Beginning with the line that holds "Introducing the best", copy each line through the end of the material below, exactly and with no pictures.

- **Dataset content**:
-=-=-

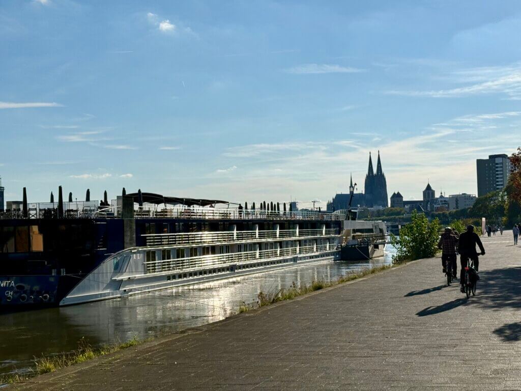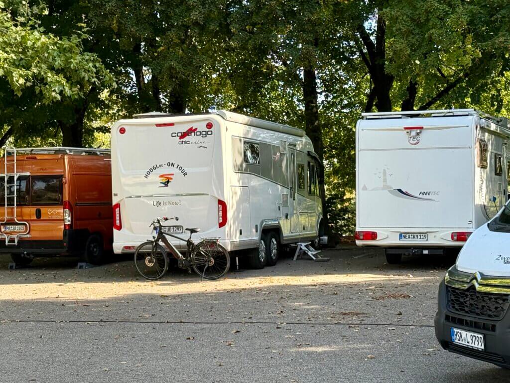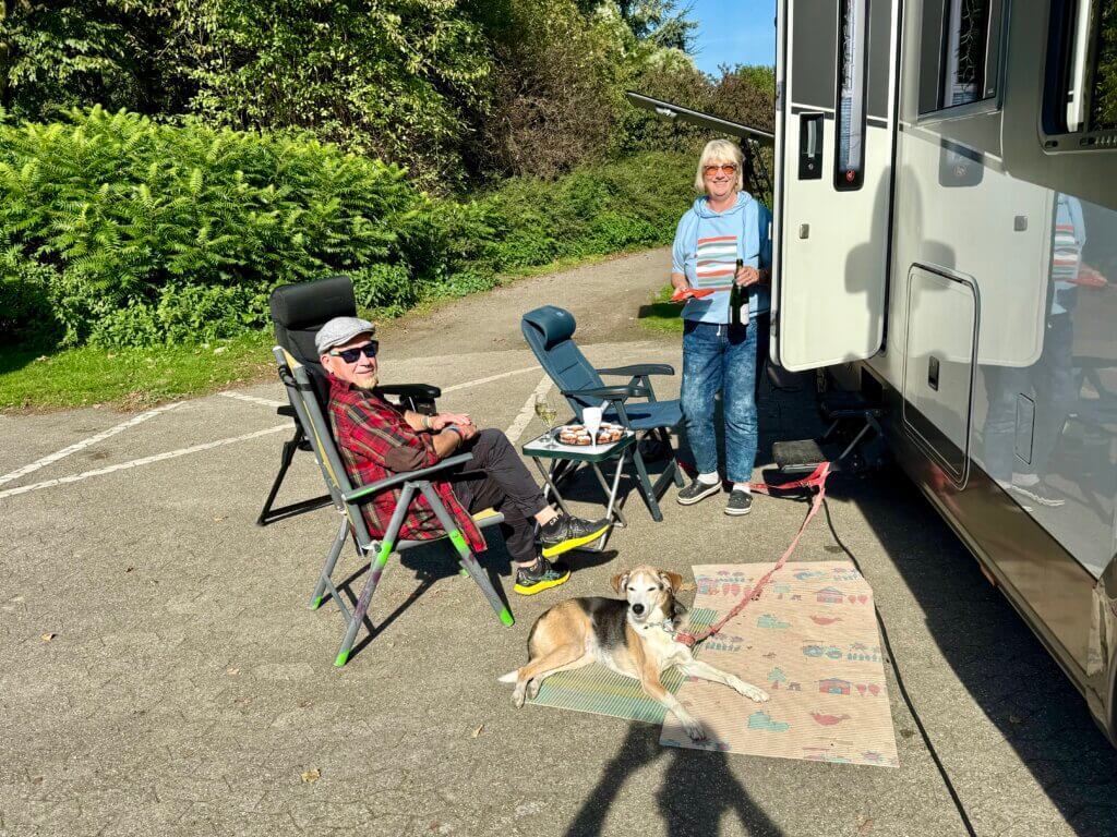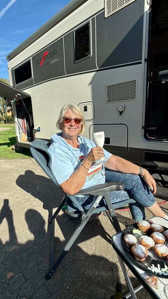 Nach der Arbeit geht es in die Domstadt, dort haben wir einen Stellplatz im Reisemobilhafen Riehl reserviert. Hier treffen wir Anne und Wolfgang, jedoch nicht zufällig, denn wir sind verabredet. Zunächst sitzen wir mit Anne vor dem Womo, sie hat sehr leckere Apfelmuffins zubereitet.
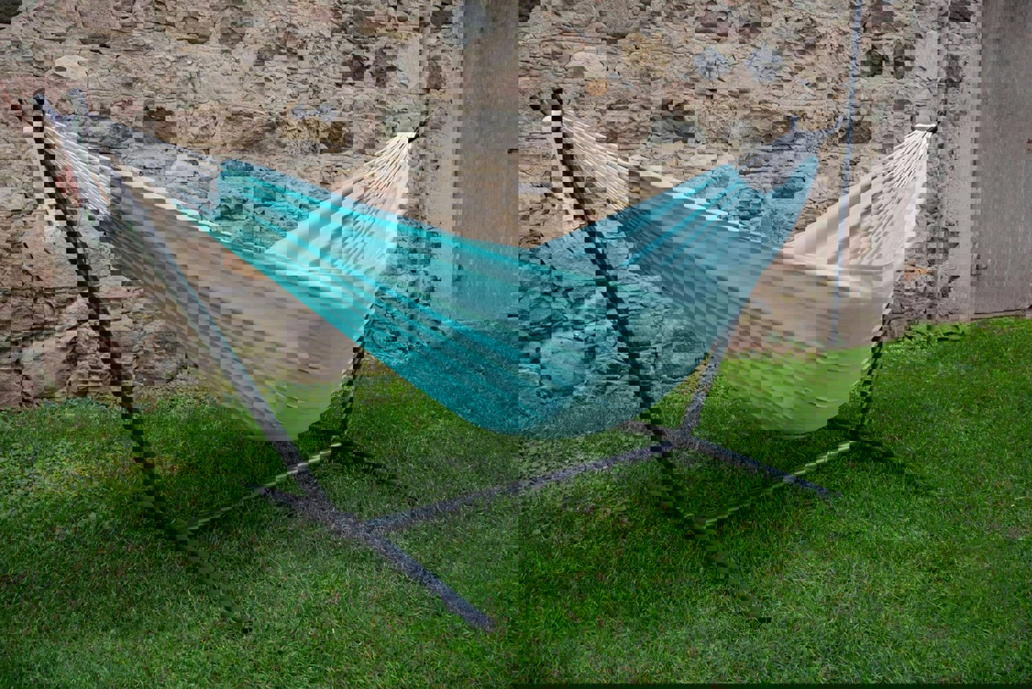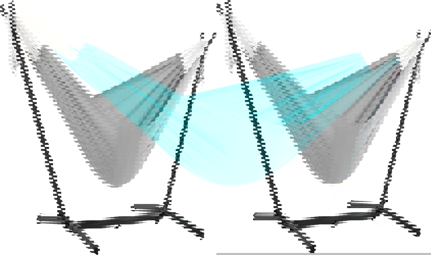 Introducing the best of both worlds, Vivere’s Double Polyester Hammock with Stand brings you the durability and saturated colour of woven polyester. This single-ply hammock fits on the easily assembled stand, no tools required. Rubber caps are fitted on all ends, allowing for a soft finish on whatever surface you choose for setup. Enjoy the freedom year after year that this product allows by locating it in the most convenient location. Easily moved to allow for sun or shade outdoor relaxation.
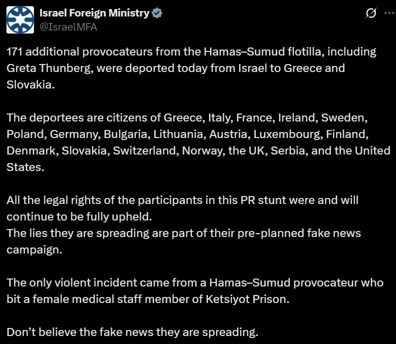 På måndagen meddelar israeliska myndigheter att 171 ”provokatörer från Hamas–Sumud-flottiljen, inklusive Greta Thunberg” i dag utvisades från Israel till Grekland och Slovakien.

-=-=-

- **Result for this task**:
 Introducing the best of both worlds, Vivere’s Double Polyester Hammock with Stand brings you the durability and saturated colour of woven polyester. This single-ply hammock fits on the easily assembled stand, no tools required. Rubber caps are fitted on all ends, allowing for a soft finish on whatever surface you choose for setup. Enjoy the freedom year after year that this product allows by locating it in the most convenient location. Easily moved to allow for sun or shade outdoor relaxation.
 På måndagen meddelar israeliska myndigheter att 171 ”provokatörer från Hamas–Sumud-flottiljen, inklusive Greta Thunberg” i dag utvisades från Israel till Grekland och Slovakien.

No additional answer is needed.